JP3170577U - Aircraft patient information communication device - Google Patents

Abstract

An aircraft patient information communication apparatus capable of performing emergency treatment of a transported patient while transmitting patient information to a transport destination hospital or the like more easily and obtaining an appropriate treatment instruction is provided. An electrocardiogram (71) and a network camera (74) installed in the aircraft, a server for converting these output signals into data signals for a cellular phone communication network, and a data signal provided in the aircraft via the cellular phone communication network. And an antenna 81 for communicating with the communication destination. [Selection] Figure 2

Description

  The present invention relates to an aircraft patient information communication apparatus.

  Patent Document 1 discloses a remote monitoring medical notification system in which a patient has a wireless electrocardiogram monitoring device, and a mobile phone is connected to the monitoring device to transmit electrocardiogram data to a medical institution when an abnormality occurs. . On the other hand, emergency medical personnel board a helicopter and quickly go to the site, and while using the equipment installed in the helicopter to perform necessary treatment for the patient, the patient is promptly transported to a medical institution or other location. Emergency medical helicopters, or doctor helicopters, are becoming popular.

JP2000-60807

  However, in a conventional doctor helicopter, patient information such as an electrocardiogram or an image of the patient's condition can be transmitted more easily to the destination hospital, etc. There is a growing demand for treatment.

  Therefore, the present invention solves such a problem, and it is possible to carry out emergency treatment of a transported patient while transmitting patient information to a transport destination hospital etc. more easily and obtaining an appropriate treatment instruction. An object is to provide an information communication device.

  In order to achieve the above object, in the first device, the patient information collecting device (71, 74) installed in the aircraft and the output signal of the patient information collecting device (71, 74) are used for a cellular phone communication network. An interface circuit (75) for converting to a data signal, and an antenna (81) provided in the machine body for communicating with a communication destination by the data signal via the mobile phone communication network.

  In the first device, the interface circuit converts the output signal of the patient information collecting apparatus installed in the aircraft into a data signal for the mobile phone communication network, and the antenna uses the data signal via the mobile phone communication network. Since communication is performed with the communication destination, it is possible to transmit patient information to a communication destination such as a transfer destination hospital more easily and obtain an appropriate treatment instruction to perform emergency treatment of the transfer patient.

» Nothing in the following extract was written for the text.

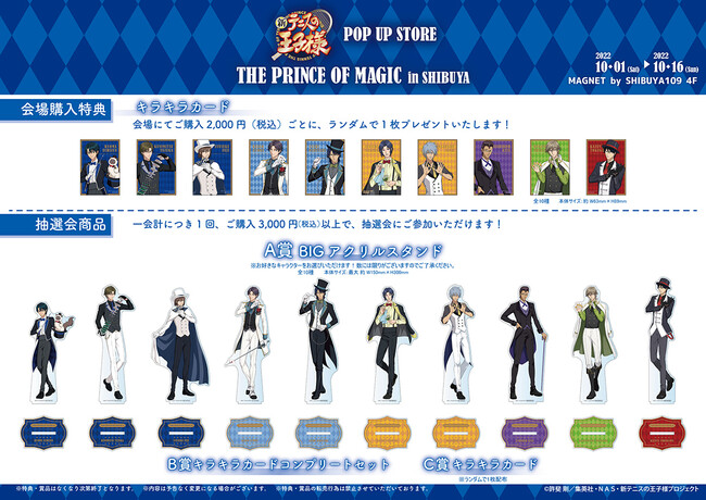 株式会社バンダイナムコフィルムワークスは、『新テニスの王子様』よりPOP UP STORE "THE PRINCE OF MAGIC in SHIBUYA"を、MAGNET by SHIBUYA109 4階イベントスペースにて、2022年10月1日(土)より10月16日(日)までの期間限定で開催いたします。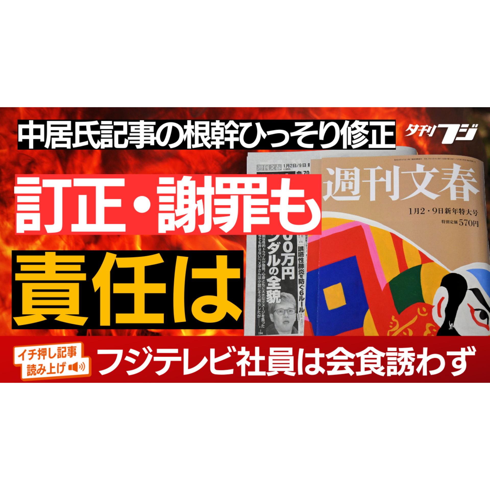週刊文春、訂正・謝罪も責任は 中居正広氏記事の根幹部分ひっそり修正

  The second device comprises a communication destination designating means (73) provided in the aircraft for designating an information communication destination, and the antenna (81) is located between the communication destination designated by the communication destination designating means (73). It communicates with.

  In the second device, since the communication destination such as the transport destination hospital can be designated by the communication destination designation means, it is possible to more smoothly transmit the patient information and obtain an appropriate treatment instruction.

  In the third device, the patient information collecting device includes an electrocardiograph (71) and a camera (74) for photographing the inside of the apparatus.

  In the third device, the condition of the transported patient can be accurately notified by the output signal of the electrocardiograph and the photographed image of the camera.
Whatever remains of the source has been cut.